THE DATA:
▽

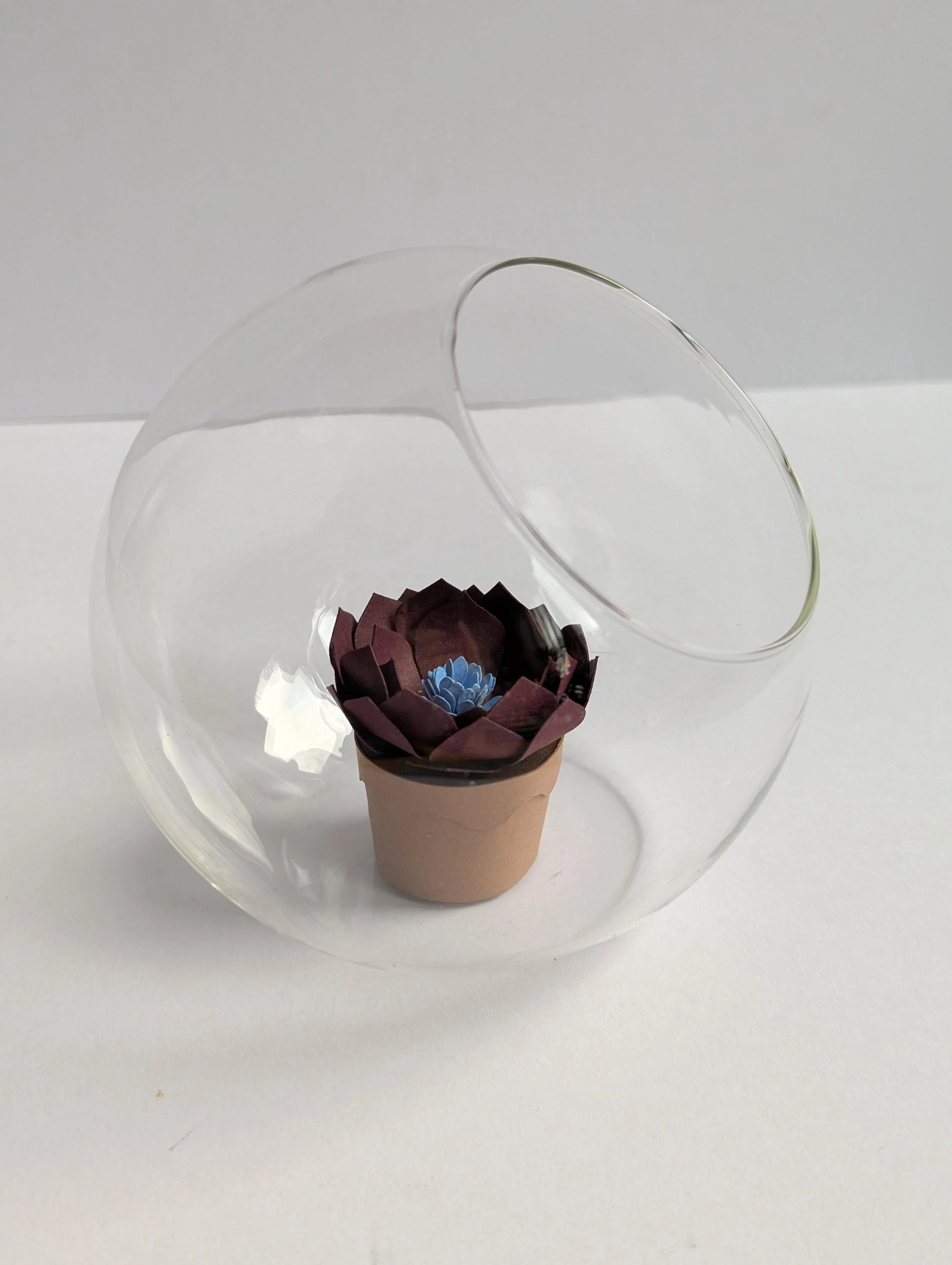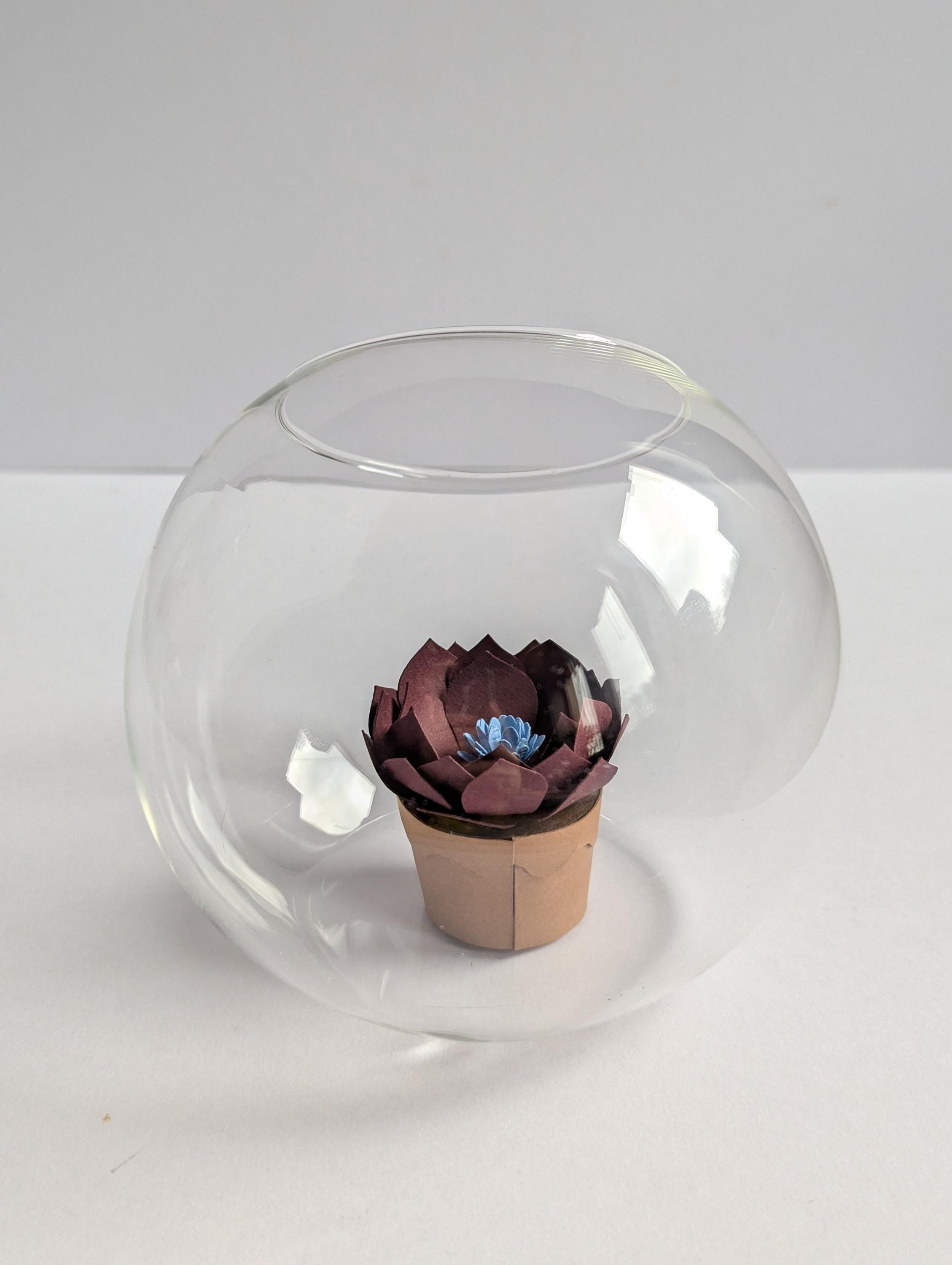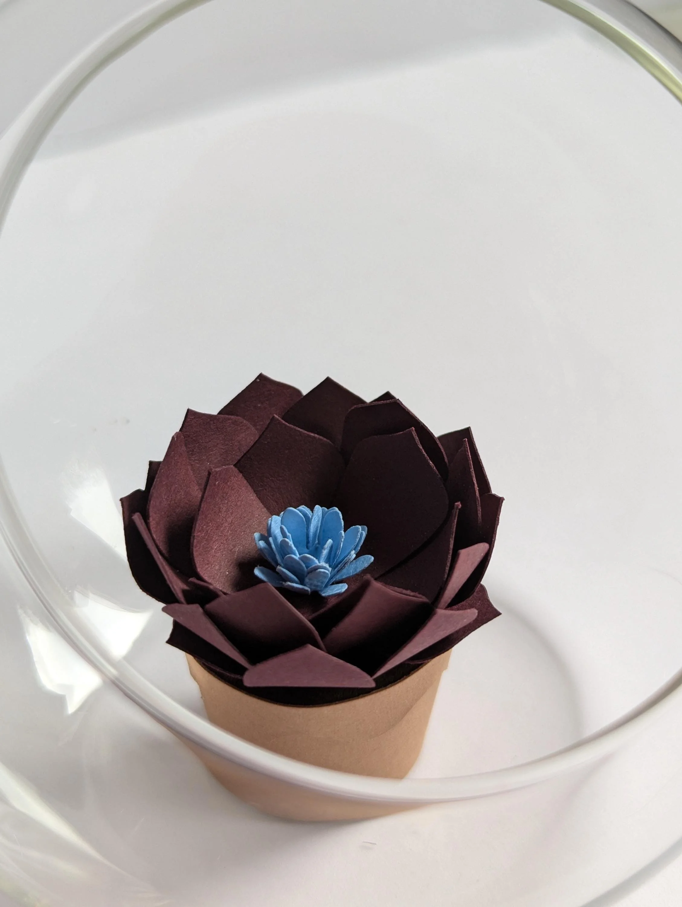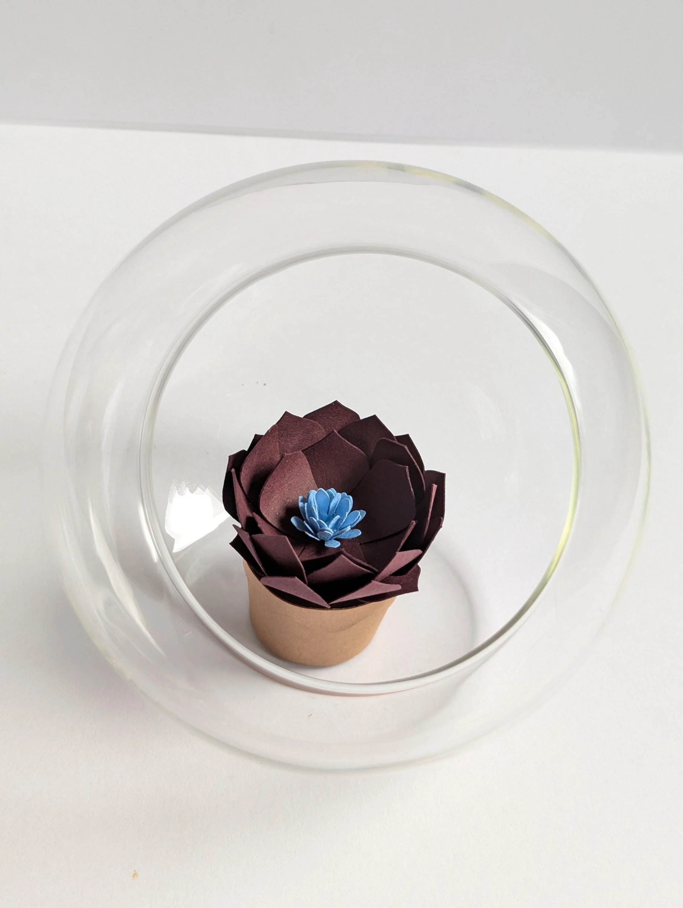 A hand crafted paper flower encased inside a small glass bell jar with a hand stained wooden base.
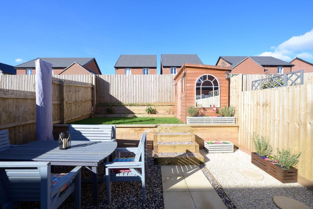 The property is located in Ross East, Herefordshire. While specific amenities are not detailed, the proximity to several schools with “Good” Ofsted ratings suggests a family-friendly area. Further information on the proximity to shops and transportation links would be needed for a more comprehensive assessment. Based on the provided images, the property appears to be in excellent condition. The interior is modern, clean, and well-maintained, with contemporary fixtures and finishes. There are no visible signs of wear or damage. The property includes a garden with a patio area and a shed. The size of the plot (933 sq ft) is relatively small but sufficient for a garden. The list price of £310,000 is slightly below the average price for the area (£376,862). However, the property’s size (737.5 sq ft) is considerably smaller than the average (2,253 sq ft). Considering the average price per sq ft in the area is £167, a property of this size might be expected to list for around £123,000 (£167 x 737.5). The list price is significantly higher, suggesting it may not represent the best value for money, especially when compared to nearby properties with similar characteristics. However, the modern condition and inclusion of a garden could justify a higher price per sq ft than the area average. More information on comparable properties in the immediate vicinity would be beneficial for a more precise price evaluation.
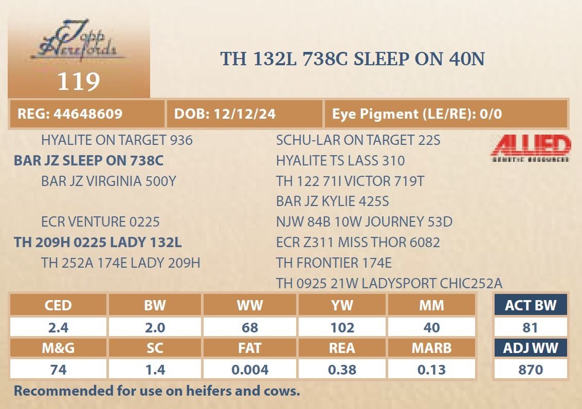 bull will be located at Topp Herefords or you
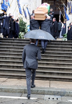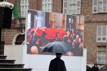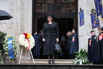 Les arrivées aux funérailles du prince Victor Emmanuel de Savoie en la cathédrale Saint-Jean-Baptiste de Turin
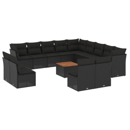 14-tlg. Garten-Sofagarnitur mit Kissen Schwarz Poly Rattan
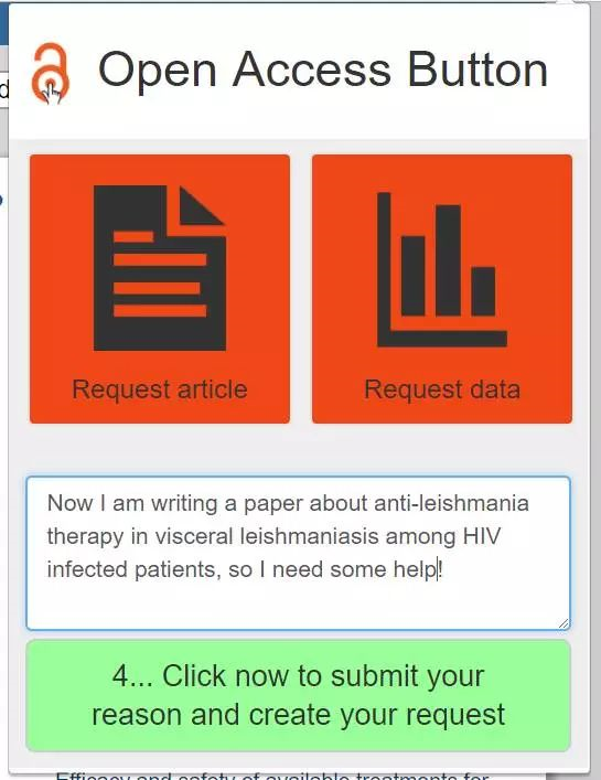 Open Access Button还是一款Chrome浏览器插件,安装注册后即可使用。检索文献时,需手动点击该按钮“Request article”,识别成功后可提供全文链接,如果没有检索到全文资源,可以向原文作者索要文献,需要填写一段理由或说明。除提供检索文献以外,Open Access Button还可以检索论文发表过程中使用的数据,获取方式同文献检索。另外,Open Access Button还提供直接的网页版检索文献功能。
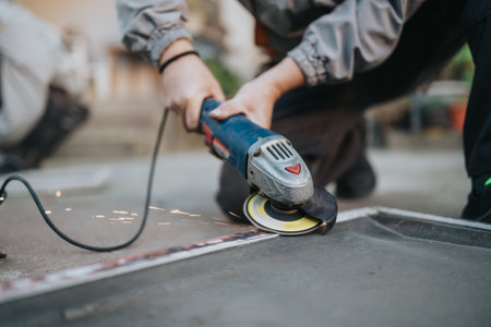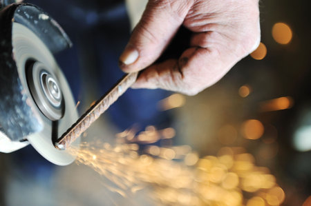 construction industry details - close up of metalworker using disc grinder for cutting metal
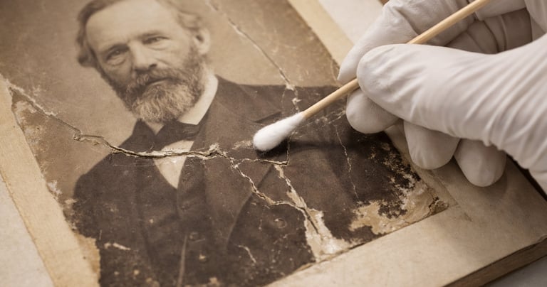 Interventi di restauro e conservazione di materiali fotografici storici, positivi e negativi, finalizzati alla stabilizzazione dei supporti, alla prevenzione del degrado e alla corretta conservazione nel tempo.

△

PROBLEM DETAILS:
The answer is the lines of the material above, from the one containing "Les arrivées aux" down to the one containing "14-tlg. Garten-Sofagarnitur mit", given exactly and without images.

YOUR SOLUTION:
 Les arrivées aux funérailles du prince Victor Emmanuel de Savoie en la cathédrale Saint-Jean-Baptiste de Turin
 14-tlg. Garten-Sofagarnitur mit Kissen Schwarz Poly Rattan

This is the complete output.